Data section Start Marker

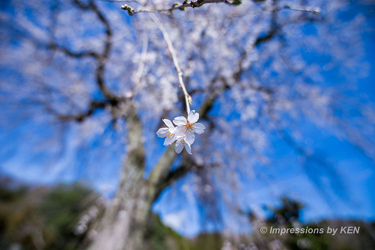 更にもう一枚、数輪の花を主役に、枝垂れ桜全体の雰囲気を感じられる構図で。
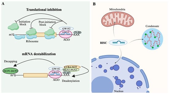 In mammalian cells, miRNAs primarily function to repress gene expression by guiding RISC to partially complementary sequences typically located in the 3′ untranslated region (UTR) of target mRNAs [8,109]. This targeting leads to translational inhibition and mRNA destabilization, two intertwined mechanisms that together reduce protein output effectively (Figure 3A).
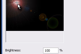 V novem oknu v oknu Flare center določite lokacijo odseva, spodaj Brightness na 100 % in označite 50-300mm Zoom.
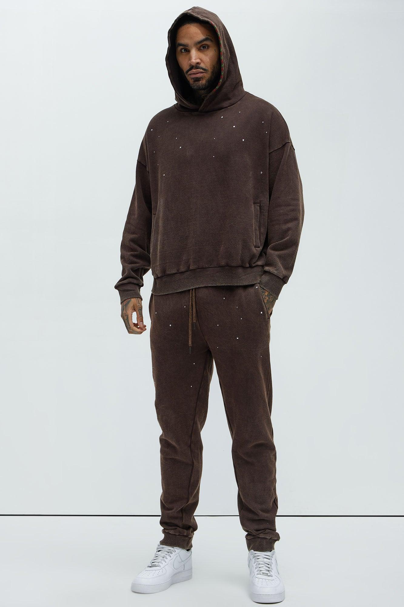 Available In Brown. Elastic Waist Drawstring Side Hand Pockets Studded Detail Pair With "Star Studded Hoodie" 60% Cotton 40% Polyester Disclaimer: Due the To The Specialized Dye Process, each piece is unique. Wash With Other Like Garments Imported
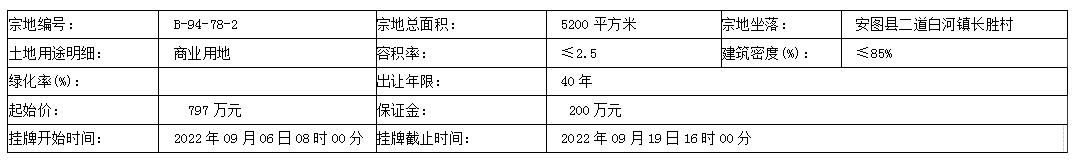 安图县自然资源局国有土地使用权挂牌出让预公告
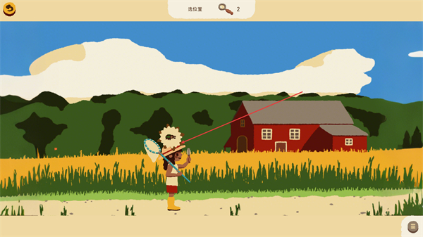 1、在农场场景中,操控角色持网靠近目标昆虫,准备捕捉操作。
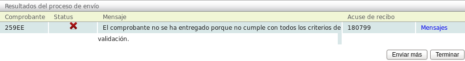 Si alguno presentó un error el sistema le avisará. Para mostrar el detalle de los errores, de click en "Mensajes".

Data section End Marker

Prompt -> Reproduce all of the entries above word for word, but leave out their pictures.

Expected answer ->
 更にもう一枚、数輪の花を主役に、枝垂れ桜全体の雰囲気を感じられる構図で。
 In mammalian cells, miRNAs primarily function to repress gene expression by guiding RISC to partially complementary sequences typically located in the 3′ untranslated region (UTR) of target mRNAs [8,109]. This targeting leads to translational inhibition and mRNA destabilization, two intertwined mechanisms that together reduce protein output effectively (Figure 3A).
 V novem oknu v oknu Flare center določite lokacijo odseva, spodaj Brightness na 100 % in označite 50-300mm Zoom.
 Available In Brown. Elastic Waist Drawstring Side Hand Pockets Studded Detail Pair With "Star Studded Hoodie" 60% Cotton 40% Polyester Disclaimer: Due the To The Specialized Dye Process, each piece is unique. Wash With Other Like Garments Imported
 安图县自然资源局国有土地使用权挂牌出让预公告
 1、在农场场景中,操控角色持网靠近目标昆虫,准备捕捉操作。
 Si alguno presentó un error el sistema le avisará. Para mostrar el detalle de los errores, de click en "Mensajes".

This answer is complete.